A tão desejada multiculturilidade há muito que foi substituída por hordas de turistas que se acotovelam apressadamente e roubaram a essência de Lisboa, que prejudicam as suas gentes, é essa a palavra certa, prejudicar, fazer mal.

Tudo aquilo que começou por trazer as pessoas de fora, os bairros, as lojas, as pessoas, toda uma vivência e atmosfera, aos poucos vai desaparecendo.

São as filas intermináveis, não consegues dar dois passos sem teres de deixar alguém passar, são os preços estratosféricos, são as lojas de souvenirs que fecharam todo o nosso comércio de rua, são os hotéis a abrir de porta em porta e os alojamentos locais a expulsarem quem cá vive da cidade para fora, a tão falada gentrificação, é o lixo, o lixo que empesta cada rua por onde passam os turistas, é o cheiro insuportável a urina, se bem que não são só os turistas a fazer xixi na rua, infelizmente os sem-abrigo também não têm outro sítio para o fazer.

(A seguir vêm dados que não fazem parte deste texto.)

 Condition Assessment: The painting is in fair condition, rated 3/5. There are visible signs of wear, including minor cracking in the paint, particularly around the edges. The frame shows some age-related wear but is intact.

Algures nesse meu passeio entrei na Igreja de São Domingos, no largo com o seu nome paredes meias com o Rossio, aquela que sobreviveu ao terramoto de 1755 e a um terrível incêndio nos anos 50, aquela onde milhares de judeus foram mortos no massacre de 1506, gosto de lá entrar.

Estava a decorrer a missa da paixão, fiquei a assistir, só crentes, só residentes que habitam pelas vizinhanças, os turistas ficaram à porta barrados por um acólito mais encorpado, naquele feriado foi aquele acólito que me trouxe um pouco de Lisboa ao meu passeio.

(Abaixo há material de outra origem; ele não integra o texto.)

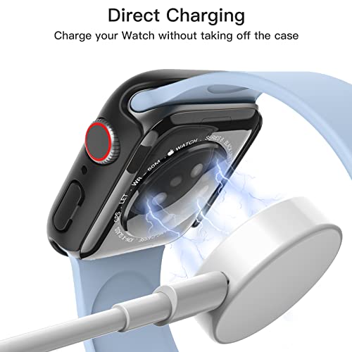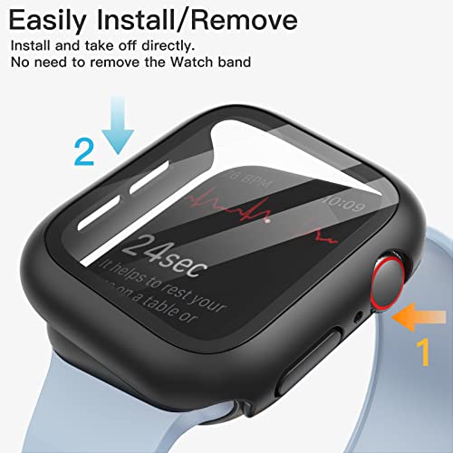 JETech Cover con Pellicola Protettiva per Apple Watch SE (2022/2020) /Series 6 5 4 44 mm, Custodia Protettiva Complessiva, Pellicola Integrata in Vetro Temperato, 2 Pezzi (Nero)
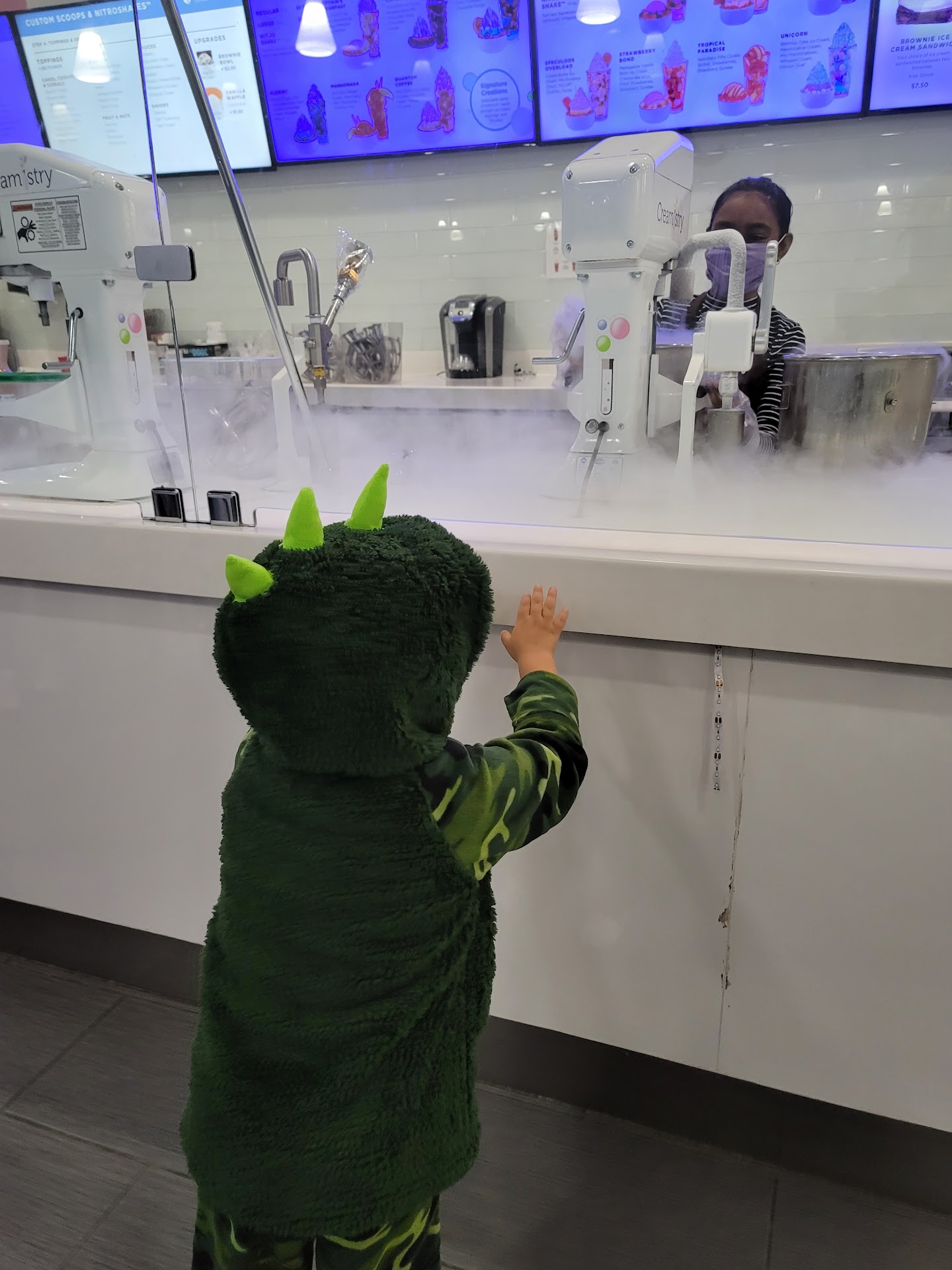 Read moreI don't like giving bad reviews but I have concerns. The young lady at the register took my card with her right hand and processed my payment then proceeded to make ice creams without washing her hands and only put a glove on her left hand after touching a few items first and never put one on her right hand. Even though I don't think they touch the food products directly in front of us, she is touching every scoop, multiple bottles of milk, and handles of the ice cream machines and I couldn't help but think about how many other credit cards she touched without washing her hands before mine. I understand that a lot of pathogens couldn't survive the nitrogen, but it's still just gross. WE ARE IN A PANDEMIC, and even if we weren't, that level of cross-contamination without regard is cause for concern. Please make sure the employees wash their hands or at least put gloves on both hands; ideally both. I will say the manager was nice, I tried to quietly just ask him to have them stop my order but one of the employees interjected and unfortunately the other patrons heard of my concerns at that point. He was nice enough to say he'll refund me, I just can't bring myself to eat the ice cream at that point. I have tried their Cookie Monster one yesterday and that employee was careful so maybe this was new employee. The ice cream is good, just keep an eye on the staff, and maybe think about having a touchless process for the employees? Just my suggestions. Sorry guys, I...
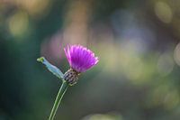 close up van een Mantisalca salmantica, een fuchsia roze zomerbloeier, met een bokeh groene achtergrond

O turismo e as pessoas que vem de fora trazem consigo muitas coisas boas, não as podemos renegar, mas há muito que as contas do deve e haver tornaram a balança negativa, e aos poucos irão certamente reduzir os encantos de quem nos procura, aquilo que os trouxe já não existe, não precisam de vir a Lisboa para comprar sardinhas em lata enquanto passeiam de tuk-tuk.

No dia seguinte fui a Barcelona, um fim-de-semana rápido há muito programado, vá-se lá entender esta mania da malta em passear por alturas da páscoa.

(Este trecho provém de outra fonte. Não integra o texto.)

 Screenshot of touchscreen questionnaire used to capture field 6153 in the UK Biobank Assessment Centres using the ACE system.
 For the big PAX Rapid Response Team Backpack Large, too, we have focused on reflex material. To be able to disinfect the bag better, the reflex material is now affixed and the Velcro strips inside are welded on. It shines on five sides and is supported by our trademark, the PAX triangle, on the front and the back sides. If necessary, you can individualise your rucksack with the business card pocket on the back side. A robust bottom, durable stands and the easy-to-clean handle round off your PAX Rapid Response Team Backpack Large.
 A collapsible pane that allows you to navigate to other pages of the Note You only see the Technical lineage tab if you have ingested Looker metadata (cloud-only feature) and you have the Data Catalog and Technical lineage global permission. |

O ativismo de Barcelona contra o turismo é dos mais ferozes que já vai havendo por essa europa fora, e não são só os muito grafitis espalhados pela cidade, your tourism our misery ou the tourism is killing our city são alguns dos muitos dichotes que vamos lendo pelas ruas, mas é um protesto mais organizado, desde marchas até ao esguichamento de água contra as correntes de turistas.

O turismo é responsável por 14% da economia da cidade, há muitas pessoas e famílias a viver à custa do turismo, mas os problemas são exatamente os mesmos que sentimos em Lisboa, talvez um pouco mais acentuados, é impossível circular nas Ramblas e nos bairros turísticos mais próximos, a alma da cidade só conseguimos encontrar nos bairros mais distantes a norte da cidade, os preços impossíveis, o lixo e o mau-cheiro, e, sobretudo, a gentrificação, é impossível morar em Barcelona, não há casas para alugar, estão todas no alojamento local para abrigar os 170 mil turistas que dormem na cidade todos os dias, nos últimos anos o número de casas para arrendar caiu para metade e os preços duplicaram, os airbnb deste mundo a penalizarem fortemente quem devia ser protegido, as pessoas e as famílias.

Aonde é que eu fiquei a dormir? Num airbnb, precisamente. Hipocrisia? Talvez, admito, a questão é complexa.

São os políticos da cidade que têm de procurar soluções, se não para resolver o problema, pelo menos para o mitigarem, por exemplo o do lixo, se os turistas pagam taxas para pernoitar na cidade, essas taxas têm de ser obrigatoriamente para compensar as externalidades negativas desse mesmo turismo, arranjem-nos soluções senhores políticos, acabem com a política de abrir um hotel em cada esquina.

Em Barcelona também há muito para fazer e o equilíbrio nunca será fácil, mas lá a reflexão vai muito mais adiantada, por exemplo o alojamento local será proibido a partir de 2028 na esperança que milhares de casas voltem às famílias.

Esta semana a câmara de Lisboa decidiu prorrogar a suspensão de novas licenças de alojamento local na cidade, porque não mais arrojo e seguir mesmo o exemplo catalão?